Scripts for benchmarking and comparison of short read OTU clustering tools available via QIIME 1.9.0. The full benchmark can be launched with the script OTU-clustering/shell_scripts/launch_benchmark.sh. This script will execute all software tools and perform analysis using the datasets & scripts below. The user must modify the working directory path in launch_benchmark.sh prior to executing this script.

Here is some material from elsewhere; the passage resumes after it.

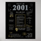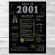 Revenez à 2001 avec notre affiche d'anniversaire numérique captivante, qui regorge de faits historiques, d'événements importants et de récits captivants du passé. Ornée d'élégants accents dorés et argentés sur fond noir, cette affiche d'anniversaire dégage un charme intemporel. Notre affiche d'anniversaire offre un aperçu intrigant en 2001, se penchant sur des aspects tels que le revenu moyen, les inventions notables, les événements importants, les tendances de la mode et les expressions familières de l'époque. Il met en lumière des moments clés comme l'avènement des plateformes de médias sociaux, l'explosion de la télé-réalité, et l'émergence de services de streaming. Des inventions telles que les smartphones, les téléphones portables et les voitures hybrides occupent le devant de la scène, reflétant les progrès technologiques remarquables de l'époque. Dans l'ensemble, l'affiche d'anniversaire saisit l'essence de la vie dans les années 2000, englobant à la fois l'innovation technologique et des phénomènes culturels comme la musique et la mode. Il sert de point de départ captivant pour les célébrations d'anniversaire et les anniversaires, et lorsqu'il est élégamment encadré, il évolue en un souvenir chéri, préservant l'esprit des temps pour les générations à venir.

Only commands for launching software in OTU-clustering/shell_scripts/commands_16S.sh and OTU-clustering/shell_scripts/commands_18S.sh are called using the qsub environment, although this is easily modifiable to run on any system.

Dependencies

  1. QIIME 1.9

Simulate reads:

  1. PrimerProspector (1.0.1)
  2. ART (VanillaIceCream-03-11-2014)

Benchmark:

  1. BLAST 2.2.29+
  2. USEARCH Uchime (7.0.1090)
  3. UPARSE (7.0.1090)

Install

git clone https://github.com/ekopylova/OTU-clustering.git

Datasets

  1. Read datasets: ftp://ftp.microbio.me/pub/supplemental_otu_clustering_datasets.tar.gz
  2. Greengenes 13.8: ftp://ftp.greengenes.microbio.me/greengenes_release/gg_13_5/gg_13_8_otus.tar.gz
  3. SILVA 111: ftp://ftp.microbio.me/pub/QIIME_nonstandard_referencedb/Silva_111.tgz
  4. 16S PyNAST template: http://greengenes.lbl.gov/Download/Sequence_Data/Fasta_data_files/core_set_aligned.fasta.imputed
  5. 18S PyNAST template: ftp://ftp.microbio.me/pub/core_Silva119_alignment.fna.gz
  6. For chimera checking 16S, the gold database: http://drive5.com/uchime/uchime_download.html
  7. For chimera checking 18S, the SILVA 97% representative set from SILVA 111 (see 3)

Scripts

The benchmarking and analysis comparison can be executed using the following scripts (in given order). Scripts 2-13 require input arguments, all of which are defined in launch_benchmark.sh.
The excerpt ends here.